Dass die Bereitschaft bei den Menschen in Protzen und Stöffin da ist, sich gegen neue Windräder zu engagieren, wurde im Laufe des Abends klar. Listen gingen durch die Reihen, auf denen sich potenzielle BI-Mitstreiter eintragen konnten. Außerdem soll die Idee in die einzelnen Dörfer getragen werden, so dass noch mehr Interessierte gewonnen werden. Eine enge Zusammenarbeit mit der BI aus Temnitz wurde ebenfalls befürwortet: "Wir müssen uns später schon irgendwie zusammentun, im ganzen Bereich, von Dorf zu Dorf", sagte beispielsweise Bettina Buran aus Protzen.

Dass die Protzener mit ihrer BI-Gründung nicht allzu lange warten sollten, machte Johannes Oblaski klar. "Die Zeit rennt uns weg", sagte er. Bereits im Frühjahr könnte ein neuer Regionalplan vorgestellt werden, in dem Windkraft-Eignungsgebiete ausgewiesen werden. Oblaski schlug vor, dass in der Gemeinde Fehrbellin ein Windenergie-Ausschuss entsteht, wie es ihn in Temnitzquell bereits gibt. Dort könnten neben Abgeordneten auch BI-Mitglieder vertreten sein.

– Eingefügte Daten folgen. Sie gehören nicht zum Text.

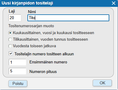 Tositelajit määritellään sovellusikkunan Taloushallinto-välilehdeltä avautuvassa Kirjanpito-sovelluksessa. Tositelajeihin päästään ylävalikosta (Kirjanpito > Tositelajien määritys).
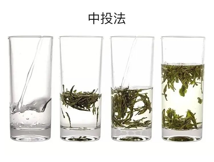 中投法能够减少对茶叶的高温热力和水冲击带来的伤害,但由于绿茶又需要有足够的温度来激发茶中的香气,所以采用“水-茶-水”的投茶顺序,能够很好地焕发茶香。
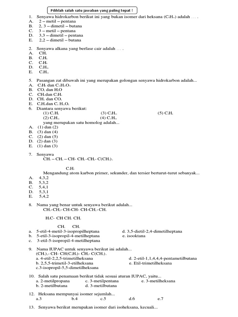 Kelas Xi Mapel Kimia Bab 1 Senyawa Hidrokarbon Subbab 2 Alkana Alkena Dan Alkuna 9 Rumus Struktur Dari Molekul 3 3 Dietil 2 Metilpentana Adalah M2 01a M2 01b M2 01c M2 01d M2 01e Soal Berikutnya
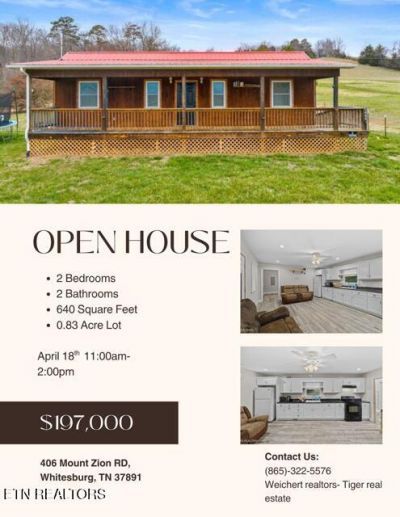 This single family home located at 406 Mount Zion Rd, Whitesburg, TN 37891 is currently listed for sale with an asking price of $197,000. This property has 2 bedrooms and 2 full baths with 640 sq. ft. Mount Zion Rd is located in the Charles K Horner subdivision. Search Charles K Horner real estate on hillary.fergusonrealtors.com today.
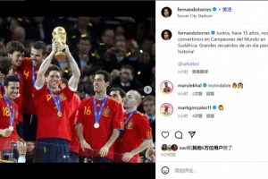 托雷斯社媒写道:“15年前,我们一起在南非成为了世界冠军,那一天的美好回忆载入史册!”
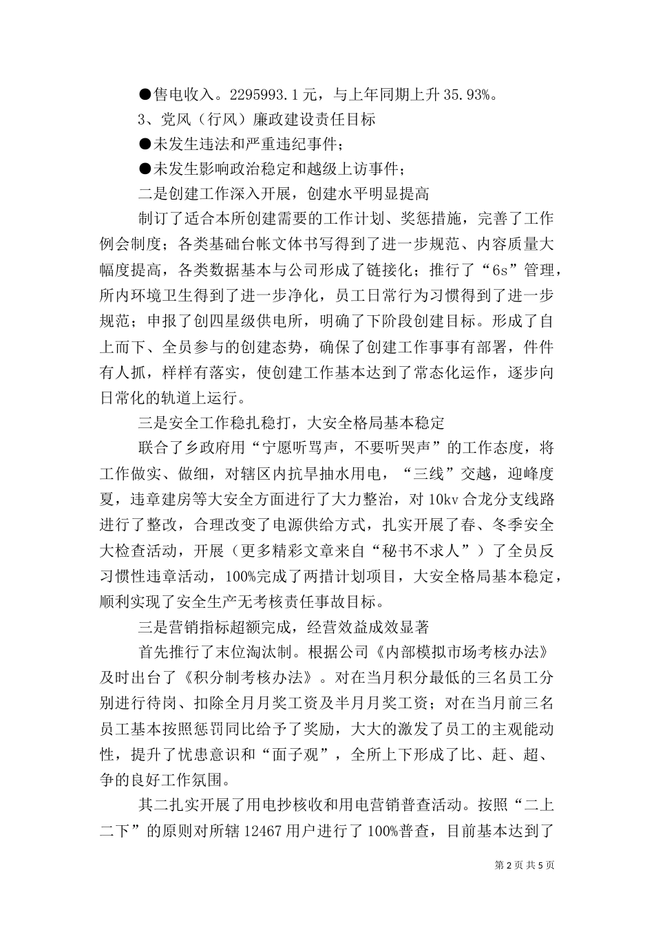第1页共5页书山有路勤为径,学海无涯苦作舟。电力所长述职报告各位领导、同志们:大家好。首先欢迎各位领导来到本所检查、指导工作。根据检...

Auch Fehrbellins Bürgermeisterin Ute Behnicke war am Donnerstag vor Ort. Sie gab bekannt, dass sich die Gemeindevertreter am kommenden Donnerstag, 16. Oktober, ab 19 Uhr während ihrer Sitzung im Ratssaal mit dem Thema Windkraft beschäftigen werden. Regionalplaner Ansgar Kuschel wird dann vor Ort sein und über den Sachstand der Regionalplanung berichten. "Und es wäre prima, wenn wir da etwas Publikum hätten", so Behnicke.